To the right of the candelabrum on the right side of the doorway stood a heavy “library” table with a blue vase full of fresh cinerarias, the blue vase and blue flowers against the blue wall producing a ghostly effect—the shadows of vase and blossoms more visible and distinct than the things themselves. Above this blue ghost was a very large and brightly colored photograph in a massive frame. It depicted a barren hill crowned with the ruins of a large stone building, of which only (what once had been) the foundation of a tower retained any semblance of its original form. At the bottom of the frame a small brass plaque had been let into the wood, and this was engraved with the words Viana do Castelo, presumably to guide any tourist who might wish to visit the site.
Next to the candelabrum on the left of the door stood one of the twenty-three large leather-covered chairs which dotted the floor of the room—empty despite the invitation of a small table positioned near its right arm at a height convenient to hold a drink—above this chair was a second photograph of exactly the same size and shape as the first, framed in the same way. It depicted a barren hill topped with the tumbled ashlars of another (but equally demolished) stone building. The atmosphere of this photograph was so similar to that of the first that it was only after a careful process of ratiocination that the viewer (if he troubled) convinced himself that it was not a picture of the same ruin from a different angle, though in fact the two held no detail in common but the bright Portuguese sky. The plaque at the base of this second frame read: Miró.

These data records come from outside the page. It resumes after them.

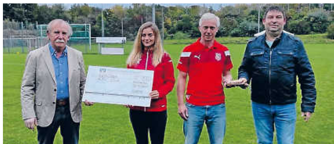
FSV und KZV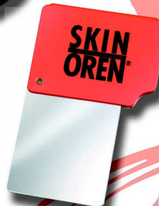
3001 R 6 x 8 cm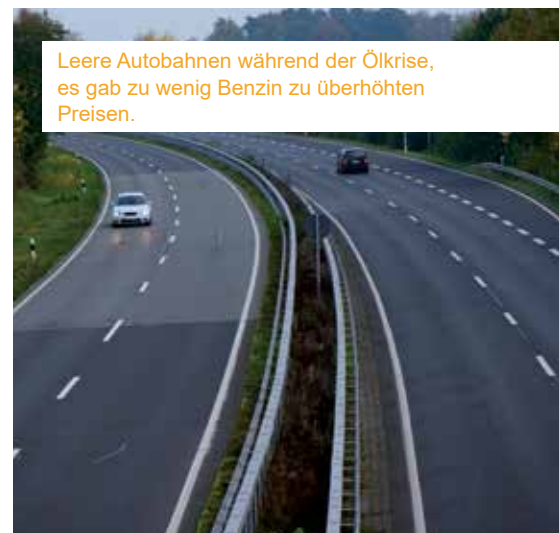
Leere Autobahnen während der Ölkrise, es gab zu wenig Benzin zu überhöhten Preisen.

All diese Beispiele zeigen uns, dass Hamsterkäufe ein massenpsychologisches Phänomen sind, die negative Entwicklungen zusätzlich beschleunigen können. Nur rechtzeitige und wohl überlegte Vorbereitung garantiert im Fall des Falles Unabhängigkeit.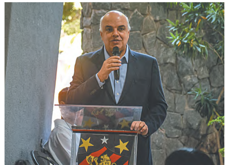
Mandatário leonino detalhou negociação com ingleses

The south wall held three doors, each of them smaller than the large door in the north wall that gave access to the remainder of the hotel, and each leading to a bedroom–sitting room with a bath. The leftmost (east) bedroom looked down into the patio garden of the hotel, and the central bedroom out (south) toward a wing of this patio, with a wall and a street beyond. All the bedrooms were comfortably furnished with carpets and chairs and (in each case) a large double bed, but this central bedroom had, in addition, a vidlink terminal which Lewis’s executive assistant, Peters, would use several times that night. It was a wardrobe-sized gray machine with a screen, a printer, a speaker, keys for coding the addresses of others, and various switches; it had been built by United Services Corporation, the company which employed Peters, as well as Lowell Lewis and Miss Morris and Donovan. (Five foot eight, 230 pounds, thinning blond hair, European sales manager for United Services, a good salesman and a hard worker, he felt he didn’t really have to worry if U.S. went down—hell, he’d lived in Europe for the past eight years, his wife was Belgian, and he spoke Flemish, German, and Swedish like he owned them, and he had connections all over, and half a dozen European firms would be tickled pink to lay their hands on him. He was right too.)
The west wall was entirely of glass and showed the Atlantic Ocean. Because the sun was low now, Peters (a middle-sized young man with a camouflaged face—Peters was one of those people who look a little Jewish but probably aren’t, and he played a good game of lacrosse) had drawn gray velvet drapes across this ocean, but later Clio Morris would open these drapes in order to see the stars.